Is Travelzoo Shareholder-Unfriendly?

As a shareholder of any public company, it's nice when you know your opinion counts. Voting is not a privilege -- it's a right.

One of the most important things you can vote on within a company is who will serve on the board of directors and represent your best interests. It's important to have independent directors who aren't too cozy with senior management. It's so important that having a board with a majority of independent directors is a listing requirement for the Nasdaq and NYSE.

How does Travelzoo (NAS: TZOO) fare in this department?

Who's the boss?
The company's founder, ex-CEO, ex-Chairman, and current director Ralph Bartel owns a controlling interest in Travelzoo. Although he has been unloading a good portion of his shares over the past several months, he still owns 8.5 million shares, which represents more than 51% of shares outstanding. Holger Bartel, Ralph Bartel's brother, also currently serves as chairman of the board even though he doesn't own any shares himself.

The fact that Ralph Bartel is in a position to control Travelzoo and elect the entire board of directors is definitely a risk factor. Even if every single other shareholder voted against him, he still has enough votes to strong-arm his own path forward.

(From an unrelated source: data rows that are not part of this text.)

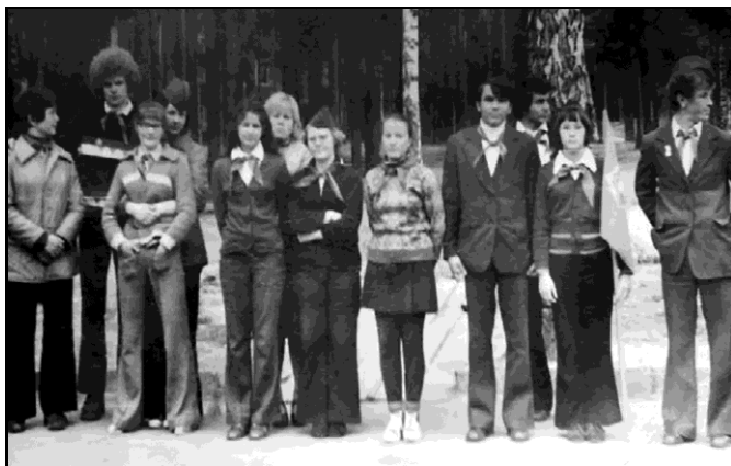
Лӱбмью, инструктивнӱй лагер.

структивнӱ лагер, кӱн факультетысь коймӱд курса студентьяс челядялисны-пионералисны да ворсӱдисны асьнысӱ. Тайӱ вӱлі зӱв коланатор, ӱд унаӱн ми костысь челядьдырйинис ӱз вӱвны пионерлагерьясын, торья нин ми, сиктсаяс. Путӱвкаяс сетлисны леспромхозын уджалысьяслӱн челядьлы, а совхозсаяслы ӱз вичмыв. Кӱнкӱ, гашкӱ, и мӱд ногӱн вӱлі, ӱг тӱд. Книгаясысь, «Пионерская правда» газетысь, «Пионер» да «Костӱр» журнальясысь пионерскӱй лагерьясын интереснӱй олӱм йылысь лыддигӱн пыр вӱлі ӱкота веськавлыны сӱтчӱ. Тайӱ кӱсйӱмысь збыльмис Университетын велӱдчигӱн. Мед сӱрӱн, но ӱд збыльмис! Лои нажӱвитӱма «личнӱй опыт». И лои зӱв коланаӱн челядькӱд уджалӱгӱн.
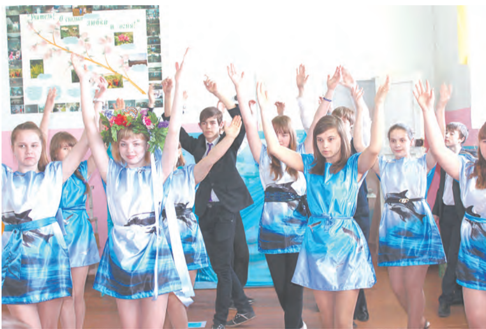
Талицкая основная общеобразовательная школа № 2

Театрализованные представления школ в этом году отличались яркостью, четкостью, содержательностью и актуальностью. Практически во всех выступлениях прозвучала суть природоохранной деятельности школы, все мероприятия и экологические акции, проводимые в образовательном учреждении.
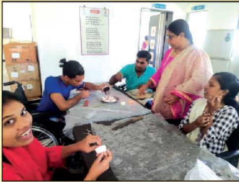
Learning is fun
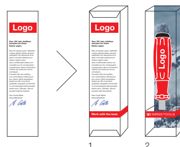
Darstellung der Geschenkverpackung mit individuell gestalteter Grussbotschaft. Ansicht Rückseite (1) und Vorderseite (2).

Dank der hochwertigen, transparenten Box ist Ihr aufgedrucktes Firmenlogo auf dem Werkzeug und auf der Karte sofort ersichtlich. Jeder Verpackung ist eine Bedienungsanleitung beigelegt.
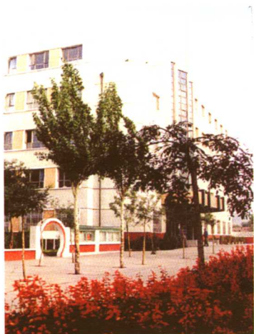
1998年创办的省第四外国语高中
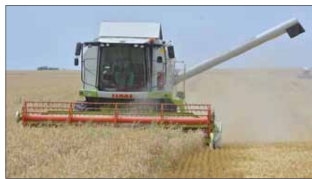
Добрят времеви прозорец позволява спокойно прибиране на продукцията това лято.

В същото време зеллата седмица в област Добрич масово започна пробно жънене на рапица, като очакванията са масово прибирането на културата да започне тази седмица. Същото се отнася и за пшеницата. През тази стопанска година земеделците очакват добиви от над 600 – 650 кг/дка при пшеницата. „Въпреки много добра, тъй като е майското засушаване всички очакват добри реколтата. Валежите
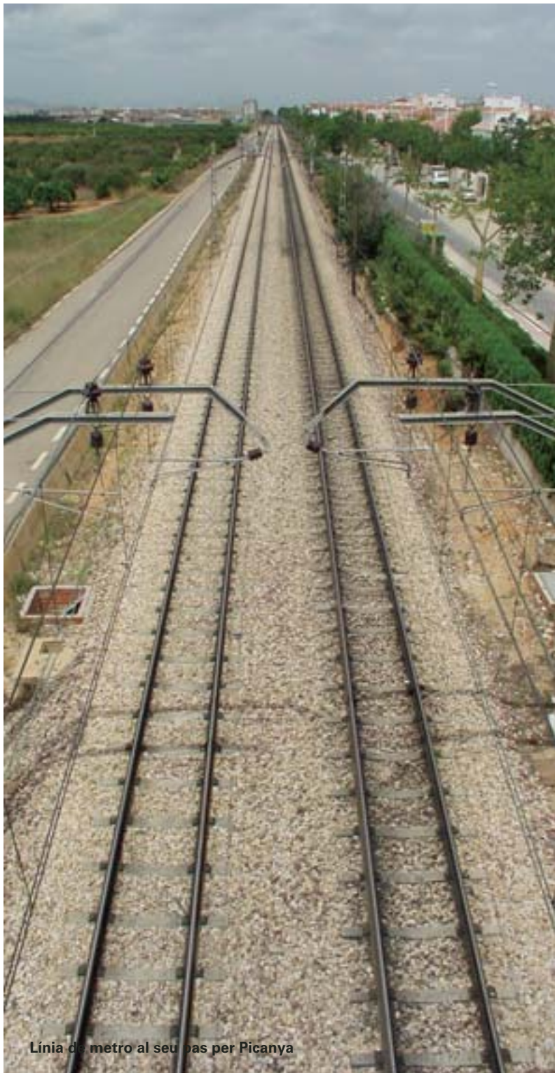
Línia de metro al seu pas per Picanya

El plenari de l'Ajuntament de Picanya va aprovar el passat 27 d'abril una moció per a demanar a la Conselleria d'Infraestructures i Transports el soterrament de les vies del Metro al seu pas per Picanya. Aquesta moció va ser aprovada per unanimitat i signada pels portaveus dels dos partits representats al plenari. La moció fonamenta aquesta sol·licitud en la possibilitat d'expansió del nucli urbà de la població cap al sud, expansió que ara mateix és impossible per l'existència de les vies del Metro i la barrera física que representen.
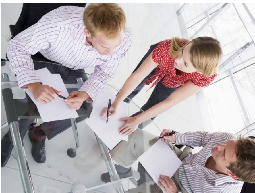
Tillsammans med Mittmedia och Sundsvalls Kommun storsatsar mässan återigen inför 2019
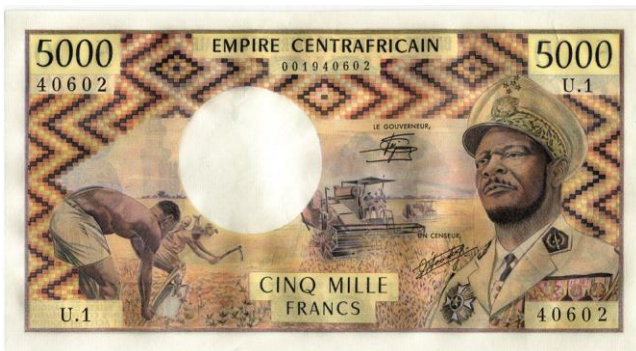
1260. REPUBLIQUE CENTRAFRICAINE, 5000 francs , s.d. (1979). Estimation: 400 € - Adjudication : 2.006 €
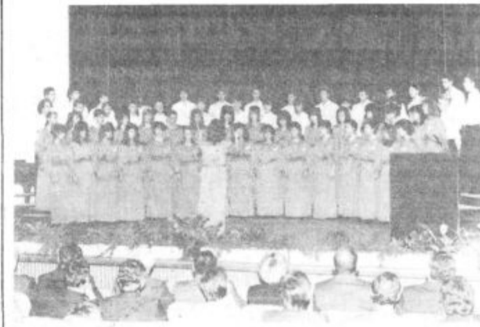
Slovesno zasedanje skupščine je z nekaj pesmimi popestril pevski zbor Centra srednjih šol
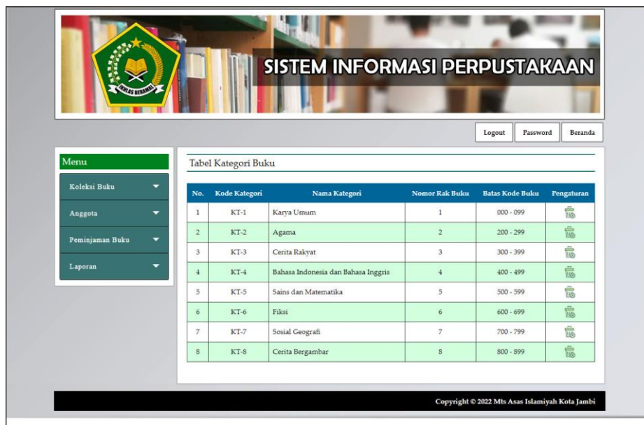
Gambar 5.2 Halaman Tabel Kategori Buku

Halaman tabel kategori buku merupakan halaman yang menampilkan informasi mengenai no, nama kategori, nomor rak buku, batas kode buku dan pengaturan untuk menghapus data. Gambar 5.2 merupakan hasil implementasi dari rancangan tabel kategori buku pada gambar 4.29.
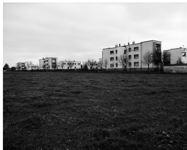
Vue générale depuis le nord. IVR31_20025900379X
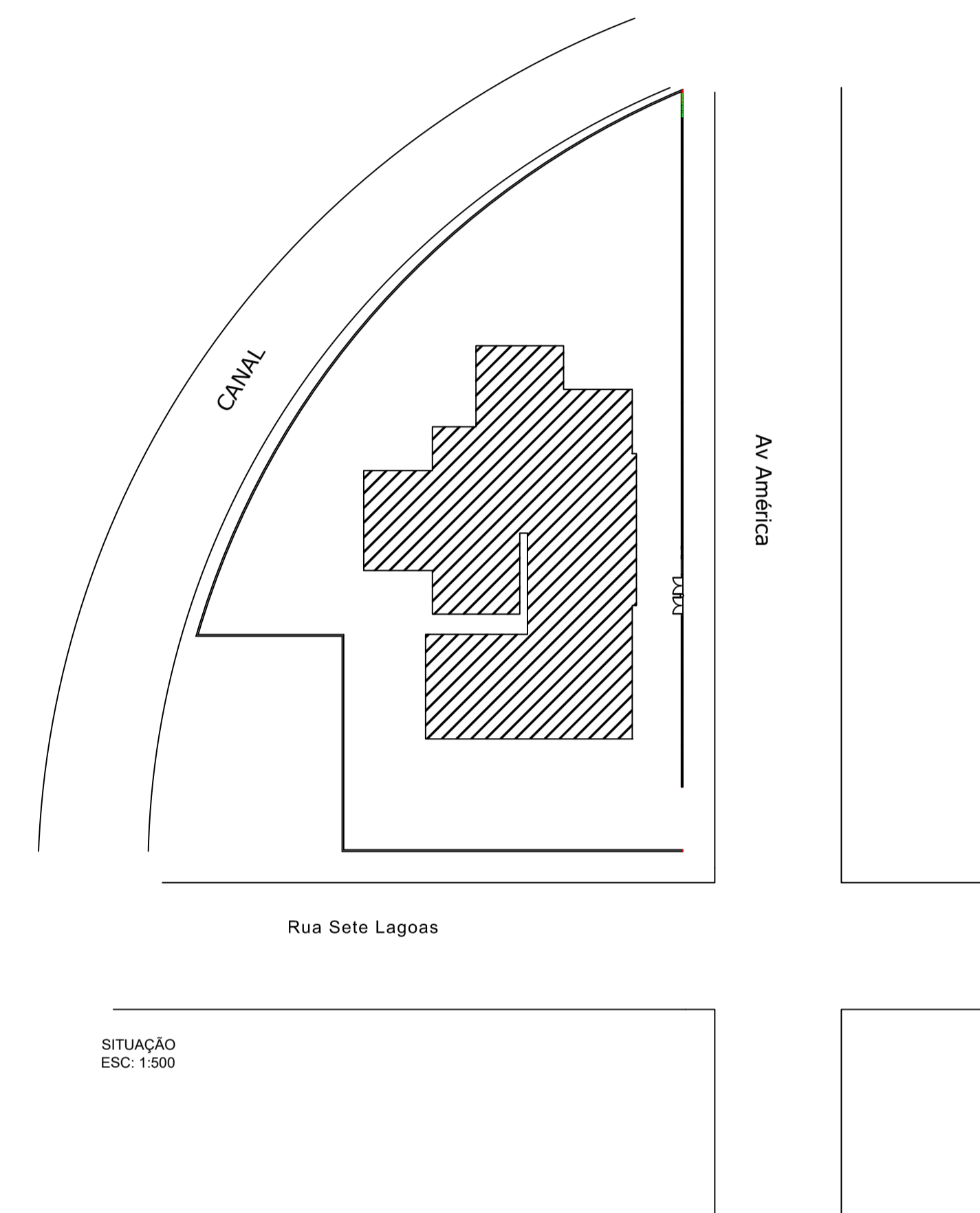
SITUAÇÃO ESC: 1:500

With great power comes great responsibility
Just like my Uncle Ben used to tell me. As long as Bartel's interests are properly aligned with other shareholders', then his ability to sway the board likely won't harm investors. However, I did find an interesting note in the first-quarter 10-Q:

Note 14: Related Party Transaction
In July 2010, the Company entered into an independent contractor agreement with Holger Bartel, the Company's former Chief Executive Officer, the Company's Chairman and brother of Ralph Bartel, who controls the Company, to provide consulting services. Fees for these services rendered during the quarter ended March 31, 2011 totaled approximately $164,000.

I'd be interested to know what constituted these consulting services, since this arrangement appears to be self-serving on its surface. This actually isn't the first agreement of this nature. He also received $591,000 in 2008 and $275,000 in 2010 for similar arrangements. Depending on what services were rendered, this arrangement could be entirely harmless. On the other hand, since the company has made a habit out of these types of deals, I would like a clearer explanation. A textbook example of a self-dealing arrangement was when DryShips (NAS: DRYS) CEO George Economou had the company buy vessels from another company owned by, you guessed it, George Economou. This type of self-dealing is a classic conflict of interest and will eventually only hurt shareholders.

The bright side
The good news is that we Fools like to see high levels of insider ownership since it shows that those in the know have confidence in the company. Even though Travelzoo CEO Christopher Loughlin doesn't own any shares, Bartel's majority stake shows his faith in the company he founded.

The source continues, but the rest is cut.